Please return every line in the following data that includes the string "great".
Start of EXTRACTED INFORMATION
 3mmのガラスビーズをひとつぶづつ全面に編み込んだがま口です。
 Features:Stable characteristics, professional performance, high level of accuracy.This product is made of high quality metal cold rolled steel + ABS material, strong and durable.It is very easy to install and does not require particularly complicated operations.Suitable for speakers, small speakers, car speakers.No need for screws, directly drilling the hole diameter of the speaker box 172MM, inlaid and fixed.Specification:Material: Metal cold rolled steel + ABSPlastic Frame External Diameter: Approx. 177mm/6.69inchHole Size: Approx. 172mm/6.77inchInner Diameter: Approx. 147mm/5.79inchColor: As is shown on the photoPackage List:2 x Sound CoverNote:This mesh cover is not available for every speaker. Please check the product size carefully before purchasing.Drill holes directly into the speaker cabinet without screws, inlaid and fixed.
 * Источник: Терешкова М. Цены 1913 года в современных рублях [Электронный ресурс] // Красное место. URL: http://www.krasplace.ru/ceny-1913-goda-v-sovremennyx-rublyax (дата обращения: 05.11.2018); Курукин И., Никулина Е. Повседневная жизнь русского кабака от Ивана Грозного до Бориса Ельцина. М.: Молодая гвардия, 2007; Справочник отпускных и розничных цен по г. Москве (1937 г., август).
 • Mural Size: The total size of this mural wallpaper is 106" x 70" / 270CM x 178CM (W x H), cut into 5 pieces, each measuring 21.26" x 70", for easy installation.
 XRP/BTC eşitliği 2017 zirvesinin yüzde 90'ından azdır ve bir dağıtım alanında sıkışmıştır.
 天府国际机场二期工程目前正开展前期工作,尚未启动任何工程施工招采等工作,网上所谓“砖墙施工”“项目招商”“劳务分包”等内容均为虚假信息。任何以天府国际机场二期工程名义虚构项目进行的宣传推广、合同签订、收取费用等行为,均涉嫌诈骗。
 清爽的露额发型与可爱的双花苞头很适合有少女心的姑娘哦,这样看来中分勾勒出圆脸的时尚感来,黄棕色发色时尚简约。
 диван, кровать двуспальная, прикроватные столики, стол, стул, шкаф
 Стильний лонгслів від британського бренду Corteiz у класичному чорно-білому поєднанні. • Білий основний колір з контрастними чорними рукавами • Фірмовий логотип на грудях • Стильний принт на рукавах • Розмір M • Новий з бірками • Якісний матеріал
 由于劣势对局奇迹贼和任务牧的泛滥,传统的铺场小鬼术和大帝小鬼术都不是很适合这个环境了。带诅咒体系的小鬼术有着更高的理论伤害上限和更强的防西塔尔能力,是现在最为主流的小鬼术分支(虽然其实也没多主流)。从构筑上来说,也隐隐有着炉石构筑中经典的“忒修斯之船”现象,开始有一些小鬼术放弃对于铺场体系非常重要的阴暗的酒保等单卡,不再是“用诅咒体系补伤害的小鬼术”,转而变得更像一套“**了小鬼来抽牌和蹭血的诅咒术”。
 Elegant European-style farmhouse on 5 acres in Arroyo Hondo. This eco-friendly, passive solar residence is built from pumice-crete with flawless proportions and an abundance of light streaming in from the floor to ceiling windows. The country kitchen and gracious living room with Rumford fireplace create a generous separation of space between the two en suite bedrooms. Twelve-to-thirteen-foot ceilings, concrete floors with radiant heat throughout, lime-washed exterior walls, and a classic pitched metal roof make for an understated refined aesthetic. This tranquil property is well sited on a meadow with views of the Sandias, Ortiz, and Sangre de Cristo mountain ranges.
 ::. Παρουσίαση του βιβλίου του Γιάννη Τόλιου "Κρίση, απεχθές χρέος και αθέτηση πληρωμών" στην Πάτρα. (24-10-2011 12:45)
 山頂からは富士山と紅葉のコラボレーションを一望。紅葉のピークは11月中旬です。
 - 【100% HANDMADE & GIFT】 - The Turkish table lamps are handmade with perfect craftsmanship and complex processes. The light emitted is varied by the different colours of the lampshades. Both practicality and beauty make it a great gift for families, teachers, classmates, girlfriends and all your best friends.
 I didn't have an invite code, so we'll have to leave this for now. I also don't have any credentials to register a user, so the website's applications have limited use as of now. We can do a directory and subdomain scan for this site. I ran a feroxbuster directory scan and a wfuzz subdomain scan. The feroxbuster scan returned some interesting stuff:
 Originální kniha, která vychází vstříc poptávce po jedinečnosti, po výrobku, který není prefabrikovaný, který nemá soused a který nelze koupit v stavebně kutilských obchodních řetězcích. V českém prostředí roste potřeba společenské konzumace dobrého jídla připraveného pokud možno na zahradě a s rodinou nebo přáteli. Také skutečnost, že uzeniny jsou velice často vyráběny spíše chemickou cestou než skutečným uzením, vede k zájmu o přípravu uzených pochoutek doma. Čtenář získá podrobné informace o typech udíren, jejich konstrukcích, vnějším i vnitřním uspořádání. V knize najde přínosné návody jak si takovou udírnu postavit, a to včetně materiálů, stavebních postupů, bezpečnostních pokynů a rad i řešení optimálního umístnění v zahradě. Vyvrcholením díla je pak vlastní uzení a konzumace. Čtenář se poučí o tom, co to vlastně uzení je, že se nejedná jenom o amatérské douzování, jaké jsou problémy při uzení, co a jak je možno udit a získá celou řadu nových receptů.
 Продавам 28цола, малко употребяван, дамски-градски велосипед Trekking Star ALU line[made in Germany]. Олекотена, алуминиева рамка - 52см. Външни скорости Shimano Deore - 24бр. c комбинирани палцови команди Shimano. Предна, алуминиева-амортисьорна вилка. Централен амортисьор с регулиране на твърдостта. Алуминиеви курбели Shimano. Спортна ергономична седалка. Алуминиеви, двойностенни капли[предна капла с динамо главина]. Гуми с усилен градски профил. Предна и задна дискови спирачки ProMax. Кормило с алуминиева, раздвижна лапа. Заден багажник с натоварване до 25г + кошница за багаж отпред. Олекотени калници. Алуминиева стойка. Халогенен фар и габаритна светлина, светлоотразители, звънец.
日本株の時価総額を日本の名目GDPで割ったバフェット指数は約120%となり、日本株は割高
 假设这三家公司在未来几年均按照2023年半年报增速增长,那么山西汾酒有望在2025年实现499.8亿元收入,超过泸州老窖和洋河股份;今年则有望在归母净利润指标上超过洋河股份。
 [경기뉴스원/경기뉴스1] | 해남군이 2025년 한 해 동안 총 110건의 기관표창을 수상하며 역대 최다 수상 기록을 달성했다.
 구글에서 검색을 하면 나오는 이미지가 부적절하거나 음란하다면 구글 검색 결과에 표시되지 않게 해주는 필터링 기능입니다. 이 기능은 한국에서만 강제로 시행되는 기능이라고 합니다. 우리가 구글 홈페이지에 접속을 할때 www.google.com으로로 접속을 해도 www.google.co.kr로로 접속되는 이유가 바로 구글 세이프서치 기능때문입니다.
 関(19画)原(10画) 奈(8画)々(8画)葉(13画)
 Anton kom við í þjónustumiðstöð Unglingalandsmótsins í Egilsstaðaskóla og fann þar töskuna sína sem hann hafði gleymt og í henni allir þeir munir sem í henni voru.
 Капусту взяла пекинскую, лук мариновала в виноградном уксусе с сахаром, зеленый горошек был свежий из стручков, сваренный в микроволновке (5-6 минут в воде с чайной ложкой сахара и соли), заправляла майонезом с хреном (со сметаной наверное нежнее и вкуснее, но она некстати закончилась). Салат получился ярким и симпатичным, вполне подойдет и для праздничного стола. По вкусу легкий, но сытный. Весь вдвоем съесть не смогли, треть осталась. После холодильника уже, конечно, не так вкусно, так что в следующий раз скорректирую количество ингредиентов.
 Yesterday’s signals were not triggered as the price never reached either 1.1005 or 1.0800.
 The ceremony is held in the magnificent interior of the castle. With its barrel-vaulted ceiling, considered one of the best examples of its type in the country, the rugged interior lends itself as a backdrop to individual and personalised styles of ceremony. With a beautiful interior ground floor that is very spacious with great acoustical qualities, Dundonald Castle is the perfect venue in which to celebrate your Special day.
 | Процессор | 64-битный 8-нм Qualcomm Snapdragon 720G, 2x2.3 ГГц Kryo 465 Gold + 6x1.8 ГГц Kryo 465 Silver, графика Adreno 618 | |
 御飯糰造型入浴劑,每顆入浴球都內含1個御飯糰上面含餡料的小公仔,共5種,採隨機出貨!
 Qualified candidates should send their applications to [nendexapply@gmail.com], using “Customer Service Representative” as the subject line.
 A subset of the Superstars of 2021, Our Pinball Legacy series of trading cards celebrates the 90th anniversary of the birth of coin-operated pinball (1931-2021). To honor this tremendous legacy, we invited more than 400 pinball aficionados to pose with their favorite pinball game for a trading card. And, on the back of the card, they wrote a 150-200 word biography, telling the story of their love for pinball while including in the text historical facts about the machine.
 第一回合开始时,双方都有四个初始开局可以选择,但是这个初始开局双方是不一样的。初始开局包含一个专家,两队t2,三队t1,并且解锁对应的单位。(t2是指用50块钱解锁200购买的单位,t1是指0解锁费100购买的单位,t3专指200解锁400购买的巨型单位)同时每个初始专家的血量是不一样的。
End of EXTRACTED INFORMATION
● RESPONSE FOR THIS EXERCISE:
 - 【100% HANDMADE & GIFT】 - The Turkish table lamps are handmade with perfect craftsmanship and complex processes. The light emitted is varied by the different colours of the lampshades. Both practicality and beauty make it a great gift for families, teachers, classmates, girlfriends and all your best friends.
 The ceremony is held in the magnificent interior of the castle. With its barrel-vaulted ceiling, considered one of the best examples of its type in the country, the rugged interior lends itself as a backdrop to individual and personalised styles of ceremony. With a beautiful interior ground floor that is very spacious with great acoustical qualities, Dundonald Castle is the perfect venue in which to celebrate your Special day.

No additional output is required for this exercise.